Professor of English James Pethica, on the other hand, indicated that he would still teach in person. With a hybrid curriculum, his “principal aim will be finding ways to help constitute as much exchange and community between class members as possible,” he said. He described some ways of doing this, including “setting up small student-only discussion groups with defined projects outside our synchronous meetings; two-or-three-to-one group meetings, likewise, along the lines of mini tutorials; regular use of breakout rooms during synchronous meetings; [and] more use of discussion boards.” He added that he might change the content of his courses “moderately” in order to best “generate and hold attention over the course of an online meeting.”

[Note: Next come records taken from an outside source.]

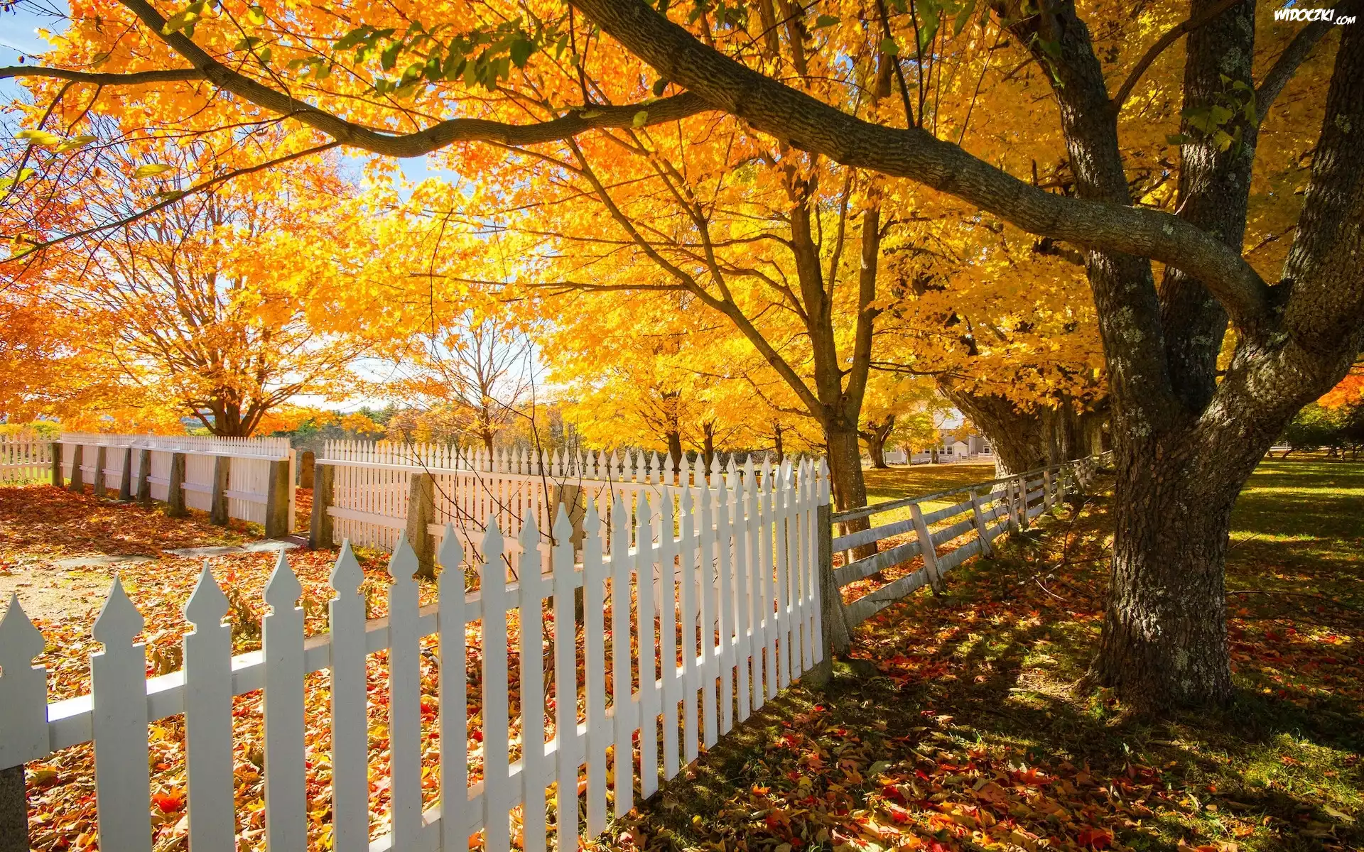 Jesień, Drzewa, Ogrodzenie, Shaker Village, Canterbury, New Hampshire, Stany Zjednoczone
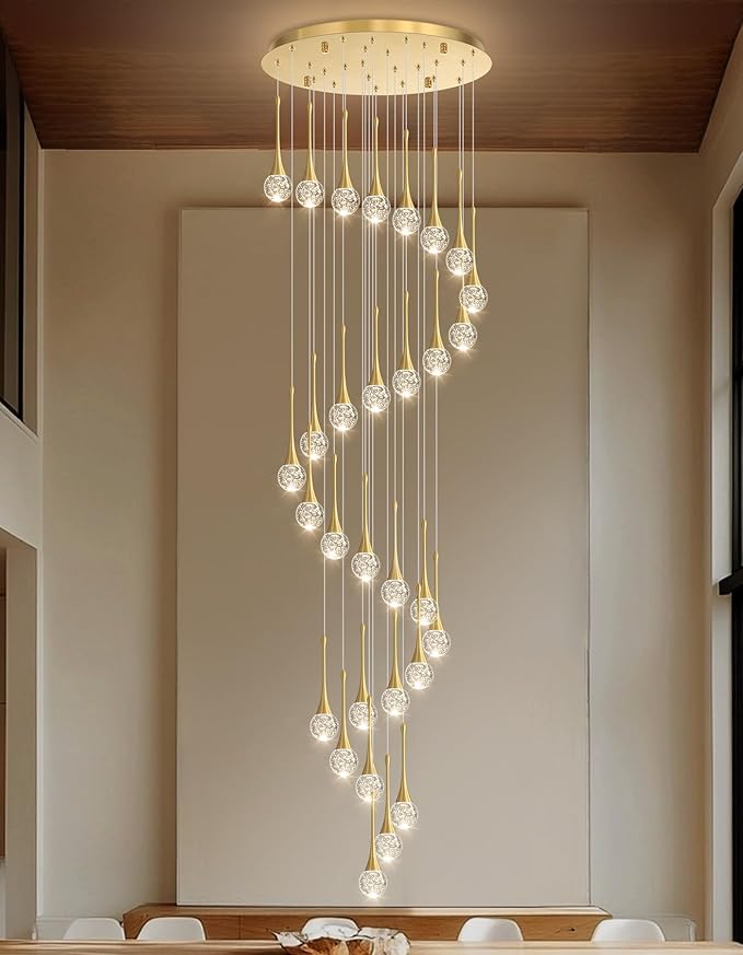30 Light Modern Glam Crystal Chandelier for High Ceiling LED Dimmable Ceiling Pendant Light Staircase Foyer Enterway Living Room Chandelier Lighting Antique Gold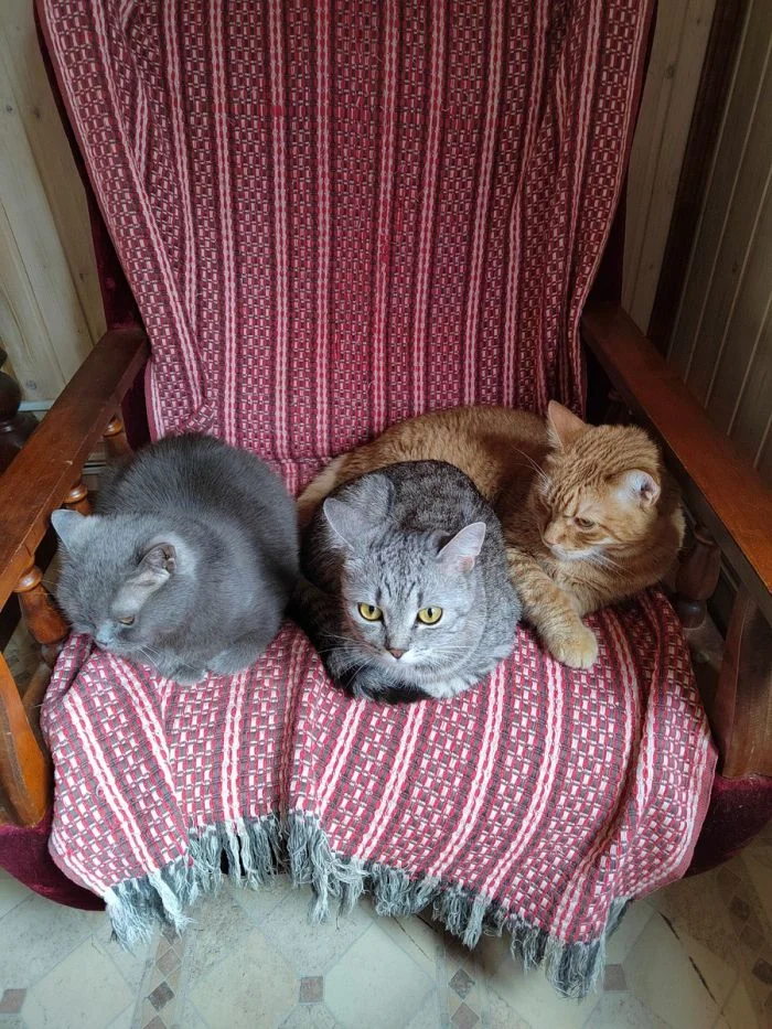 АКСИНЬЯ: У меня уже были кот и кошка, но я зимой спасла из подвала маленького котёнка, вылечили его и у меня теперь дружная троица.
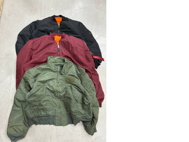This set includes two SECONDHAND bomber jackets, each with a distinct design and a vibrant orange li..
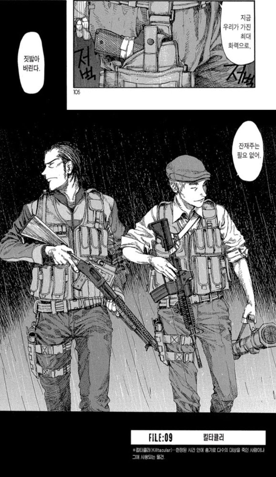 전형적인 쿨계 주인공 만화로 흘러가려다가 초 밀리터리 하드물로 바뀜 ㅋㅋㅋㅋㅋ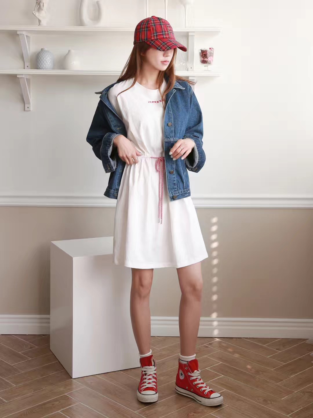 裙子 新款女士休闲连衣裙,简单好穿,腰间抽绳款式,上身效果也很好,喜欢速来秒单啦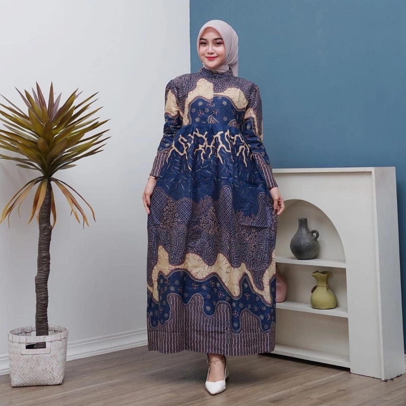 Batik Alfin - Gamis batik cantik gamis wanita muslim model kekinian terbaru gamis dewasa Allsize 120 Gamis wanita cantik navi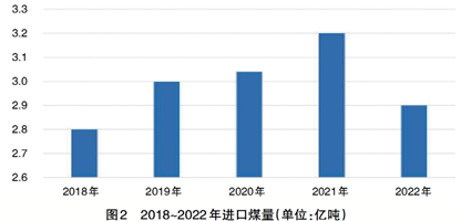 煤炭進口量為近四年最低。2022年,受國際局部沖突等影響,國際能源價格高位波動,全年進口動力煤價格呈現(xiàn)先升后降的趨勢,動力煤進口總量總體呈現(xiàn)下降趨勢,根據(jù)海關(guān)總署統(tǒng)計,全年進口煤炭2.9億噸,同比下降9.2%(見圖2)。產(chǎn)量基本維持在近五年來的平均水平。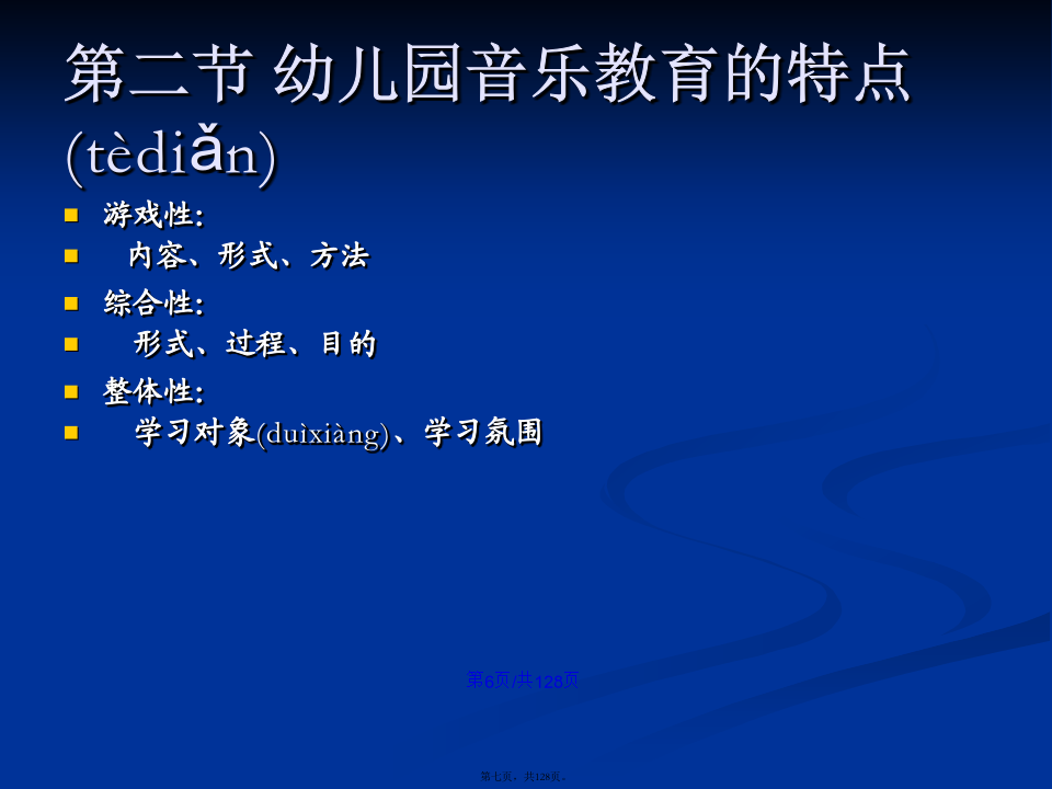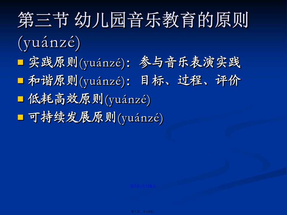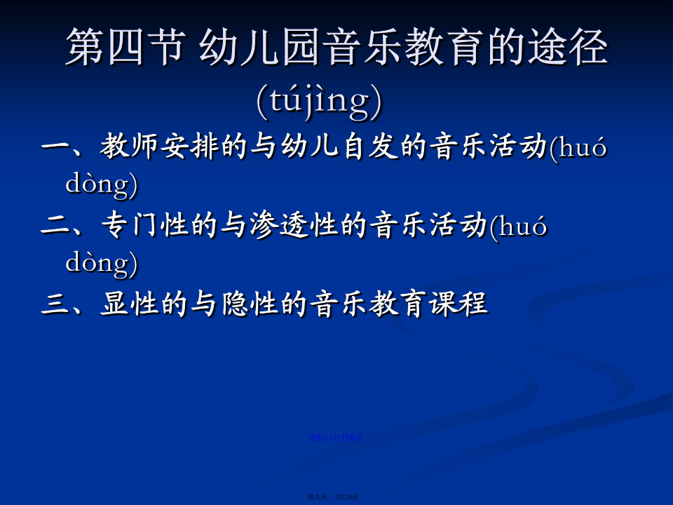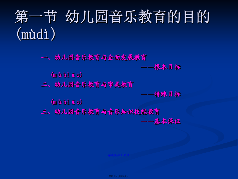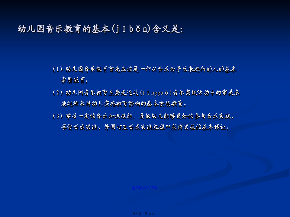 会计学学习(xuéxí)目标第一章幼儿园音乐教育的基本(jīběn)观念第一节幼儿园音乐教育的目的(mùdì)幼儿园音乐教育的基本(jīběn)含义是:第二节幼儿园音乐教育的特点(tèdiǎn)第三节幼儿园音乐教育的原则(yuánzé)第四节幼儿园音乐教育的途径(tújìng)第二章幼儿园音乐教育的目标(mùbiāo)及撰写二、幼儿园音乐教育目标(mùbiāo)的制定过程第二节幼儿园音乐教育目标(mùbiāo)的功能第三节幼儿园音乐教育目标(mùbiāo)的结构三、新《纲要》中艺术教育(jiàoyù)的总目标第四节幼儿园音乐活动目标(mùbiāo)的撰写二、音乐教育活动(huódòng)目标的编写方法(二)学习(xuéxí)能力发展目标的提出和撰写记忆、模仿;探索、创造性地解决问题的能力。积累学习(xuéxí)策略:体态暗示音乐前奏对学习(xuéxí)策略有意识:歌曲演唱中的预令策略选择学习(xuéxí)策略:集体舞学习(xuéxí)中的运用标记的策略主动迁移学习(xuéxí)策略:将日常生活中的动作迁移到舞蹈中创造性学习(xuéxí):选择与别人不一样的策略个性化学习(xuéxí):各自选择各自喜欢的策略第五节学前儿童音乐教育活动目标(mùbiāo)的范例分析第三章幼儿园音乐教育活动(huódòng)的指导案例(ànlì):新授歌曲《头发肩膀膝盖脚》7、教师先用极慢的边唱边做,然后加快至不可能再快,体验速度变化的乐趣。(改变速度,体验乐趣)8、如果是大班或者基础比较好的班级,教师还可以继续尝试:(1)教师教幼儿学会将歌曲中的“脚”变为默唱,只做动作。(2)教师请幼儿提出还可以将歌曲中那个身体(shēntǐ)部位改为默唱。并进行尝试。9、放松与欣赏。10、结束。中班歌唱活动(huódòng)《买菜》(常规活动(huódòng))(3)反馈(fǎnkuì)运用语言(yǔyán)指导时,需要注意的问题:第四章幼儿园歌唱活动第一节歌唱活动的教育(jiàoyù)内容第二节学前儿童歌唱材料(cáiliào)的选择第三节学前儿童歌唱活动的设计(shèjì)与指导第四节歌唱活动(huódòng)中的能力培养2、一般(yībān)注意事项第六章学前儿童(értóng)韵律活动教育一、韵律动作(dòngzuò)及其组合第二节学前儿童(értóng)韵律活动材料的选择第三节学前儿童韵律(yùnlǜ)活动的设计与指导第四节韵律活动中的能力(nénglì)培养第五节系列韵律教育(jiàoyù)活动方案设计与案例分析第六章幼儿园打击乐演奏(yǎnzòu)活动第二节打击乐演奏活动材料(cáiliào)的选择第三节新授打击乐活动(huódòng)的设计与活动(huódòng)第四节打击乐演奏(yǎnzòu)活动中的能力培养第五节系列打击乐器演奏教育(jiàoyù)活动方案设计与实例分析第七章幼儿园音乐欣赏活动(huódòng)第二节音乐欣赏活动材料(cáiliào)的选择第三节新授音乐欣赏活动(huódòng)的设计与组织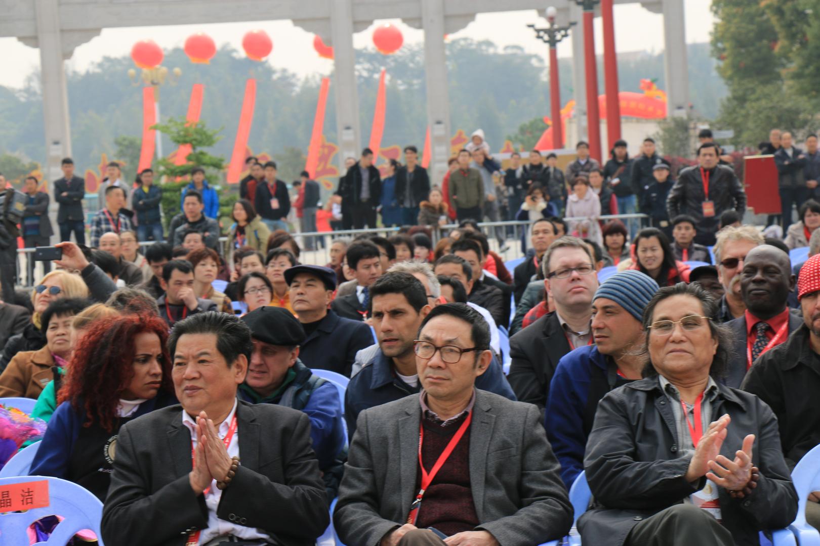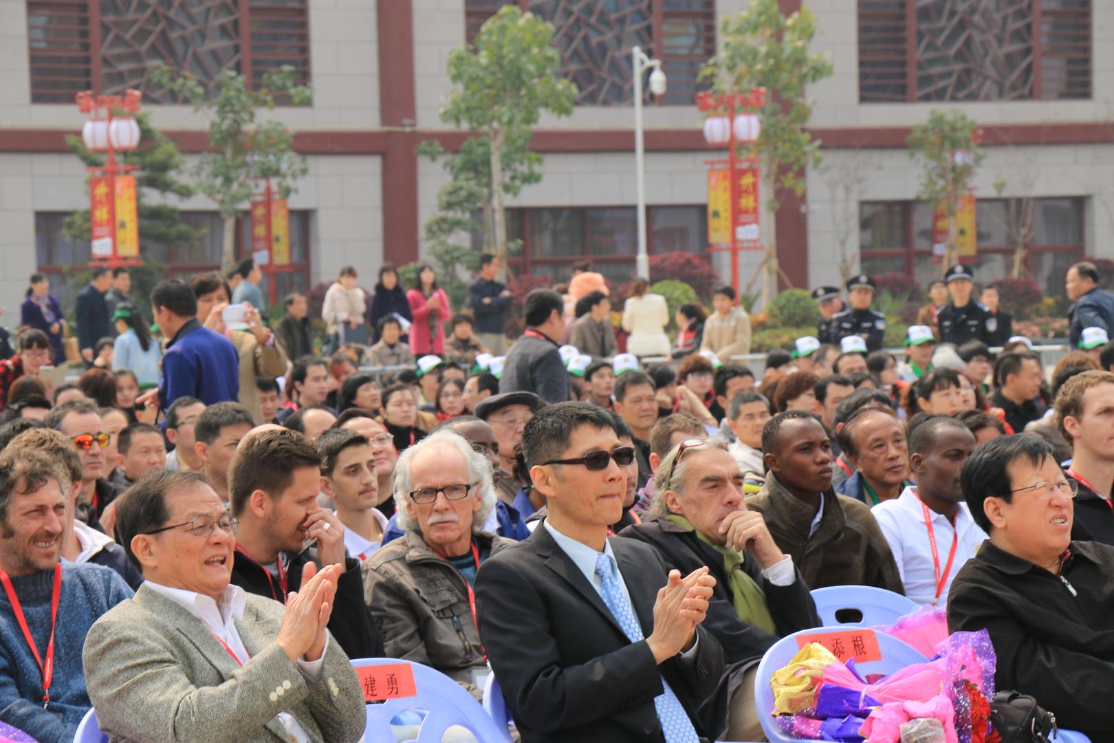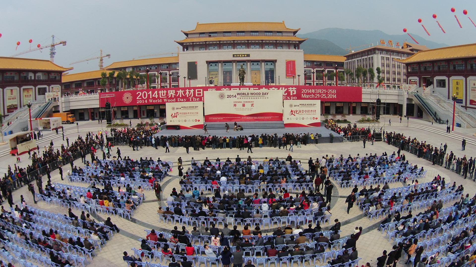 2014世界木材日暨首届国际木文化节于3月21日在福建仙游古典工艺博览城正式开幕,图为开幕式现场, 众多观众聚集在舞台前。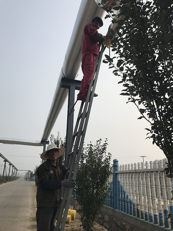 在通往恒达粉丝厂的道路施工现场,施工人员正在抓紧对供热管道进行焊接、保温。现场施工人员说: "我们冒着36度高温天气加紧施工,施工以来都没有休息,争取保障恒达、三力、联盛等9家企业在8月初全部实现蒸汽供热" 。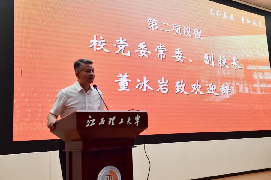 董冰岩代表学校致欢迎辞。他从综合实力大幅提升、学科建设成效显著、人才培养提质增效、高端人才实现突破、科技创新硕果累累、服务社会贡献凸显等方面介绍了学校发展取得的成绩。他表示,学校今天的成绩今日成就的取得,得益于每一位校友的拼搏、与奋进及、支持与关爱,学校正朝着“创建稀土及关键矿产领域世界一流大学”的目标迈进,希望广大校友持续关心,聚力赋能,携手共创江理美好明天。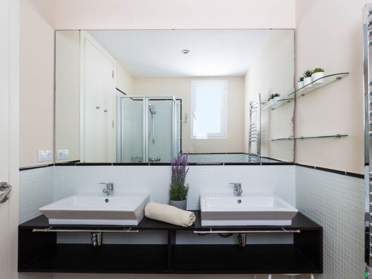 The first bedroom has two single beds measuring 90 x 200 cm, the second has a double bed measuring 200 x 200 cm.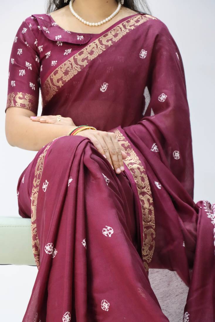 Product Name Wine Color Shibori Printed Mull Jacquard Saree With Unstitched Blouse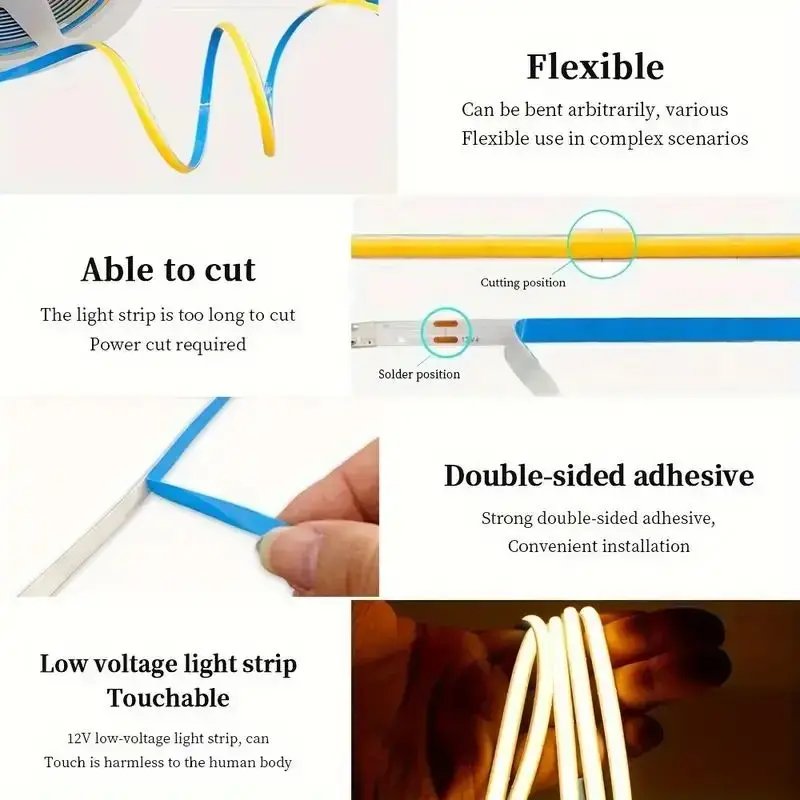 Elevate your space with the USB 5V COB Led Strip Light. This innovative lighting solution brings a perfect balance of brightness and flexibility to your environment.

Like Pethica, Associate Professor of Biology Matt Carter would choose to teach in person this fall, and expressed optimism about the feasibility of teaching hybrid courses. “I greatly appreciate that faculty have been asked for their preferences, and I support anyone who prefers to teach remotely,” Carter said. “But I have realized that many of the joys of teaching, for me, occur in person.”
While he said designing a hybrid model would “require an incredible amount of time,” he noted potential advantages for students. If he were to create narrated PowerPoint slides designed for remote students, he gave as an example, those resources could also benefit in-person students seeking a way to review or make up material, as well as future students. “Therefore, I am going to try and be smart about investing in remote teaching materials that will serve all students in my courses as well as students who enroll in the course in the future,” Carter said.
Carter cited the responses of the College community to the pandemic as the source of his optimism. “Everyone is trying their best,” he said. “Faculty and staff have worked tremendously hard to help students in and out of the virtual classroom, and students have worked tremendously hard to complete their coursework and make the best of an unfortunate situation.”